*Task goal*: Begin at the line with "右脚落地,右腿自然伸直, 上体微左转,重心全部移于右腿, 左腿屈膝提起,脚尖自然放松。" and output every line through the end of the records, exactly as given. Omit pictures.

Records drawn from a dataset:
===
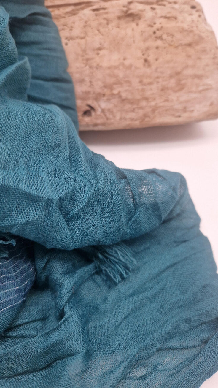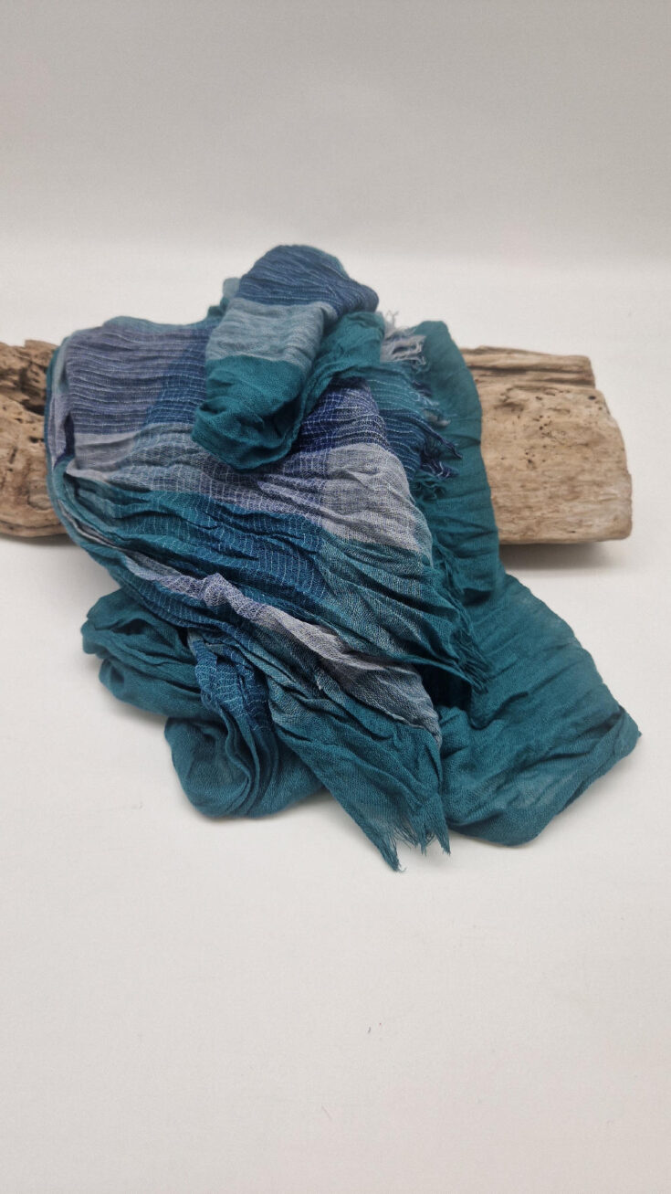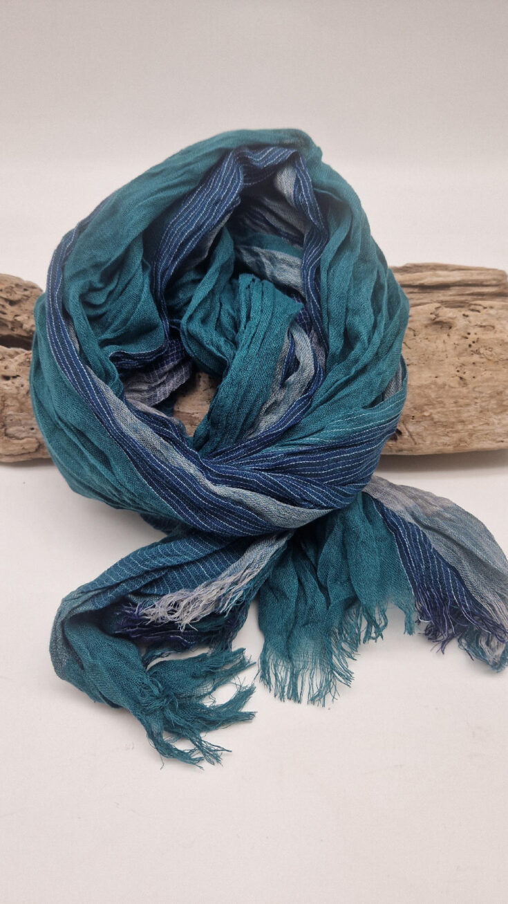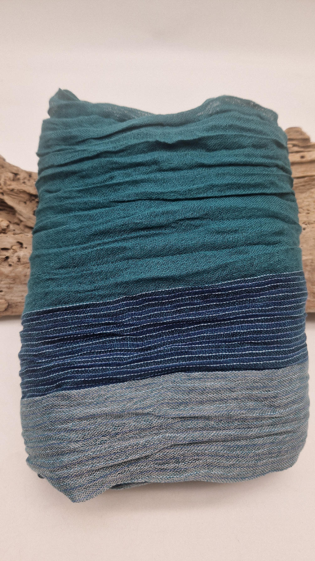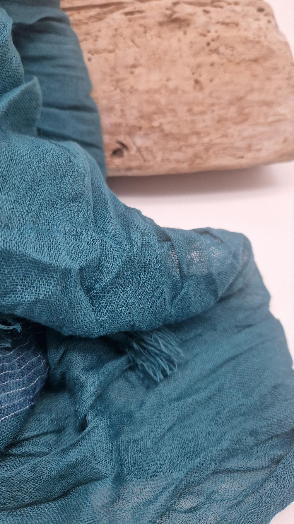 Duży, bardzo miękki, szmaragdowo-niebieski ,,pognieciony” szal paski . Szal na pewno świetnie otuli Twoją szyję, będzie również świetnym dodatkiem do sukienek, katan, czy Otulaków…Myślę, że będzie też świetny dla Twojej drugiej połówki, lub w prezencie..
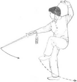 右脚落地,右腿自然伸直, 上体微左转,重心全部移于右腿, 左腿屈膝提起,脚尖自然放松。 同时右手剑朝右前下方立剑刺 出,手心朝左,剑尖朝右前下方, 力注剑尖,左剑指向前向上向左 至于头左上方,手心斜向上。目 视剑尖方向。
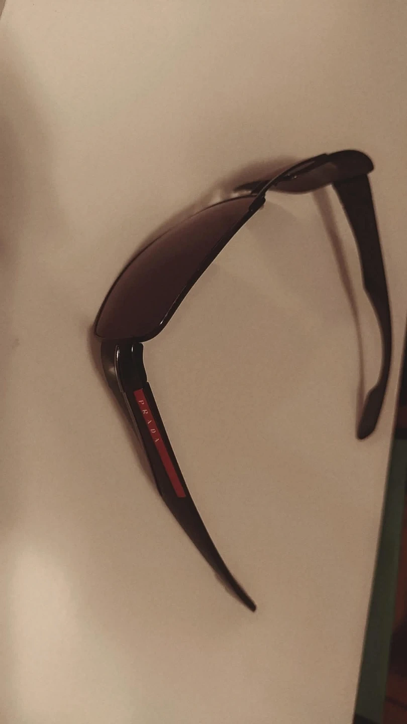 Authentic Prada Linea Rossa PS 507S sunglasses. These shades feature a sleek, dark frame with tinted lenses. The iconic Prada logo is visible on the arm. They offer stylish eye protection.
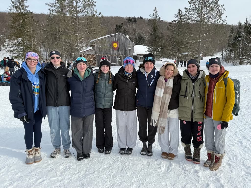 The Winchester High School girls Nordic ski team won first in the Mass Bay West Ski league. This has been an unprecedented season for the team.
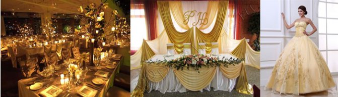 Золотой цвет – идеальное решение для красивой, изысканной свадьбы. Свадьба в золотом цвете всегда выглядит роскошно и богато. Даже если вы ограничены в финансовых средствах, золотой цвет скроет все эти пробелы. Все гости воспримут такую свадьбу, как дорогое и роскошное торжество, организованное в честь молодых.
===
*Exercise solution*:
 右脚落地,右腿自然伸直, 上体微左转,重心全部移于右腿, 左腿屈膝提起,脚尖自然放松。 同时右手剑朝右前下方立剑刺 出,手心朝左,剑尖朝右前下方, 力注剑尖,左剑指向前向上向左 至于头左上方,手心斜向上。目 视剑尖方向。
 Authentic Prada Linea Rossa PS 507S sunglasses. These shades feature a sleek, dark frame with tinted lenses. The iconic Prada logo is visible on the arm. They offer stylish eye protection.
 The Winchester High School girls Nordic ski team won first in the Mass Bay West Ski league. This has been an unprecedented season for the team.
 Золотой цвет – идеальное решение для красивой, изысканной свадьбы. Свадьба в золотом цвете всегда выглядит роскошно и богато. Даже если вы ограничены в финансовых средствах, золотой цвет скроет все эти пробелы. Все гости воспримут такую свадьбу, как дорогое и роскошное торжество, организованное в честь молодых.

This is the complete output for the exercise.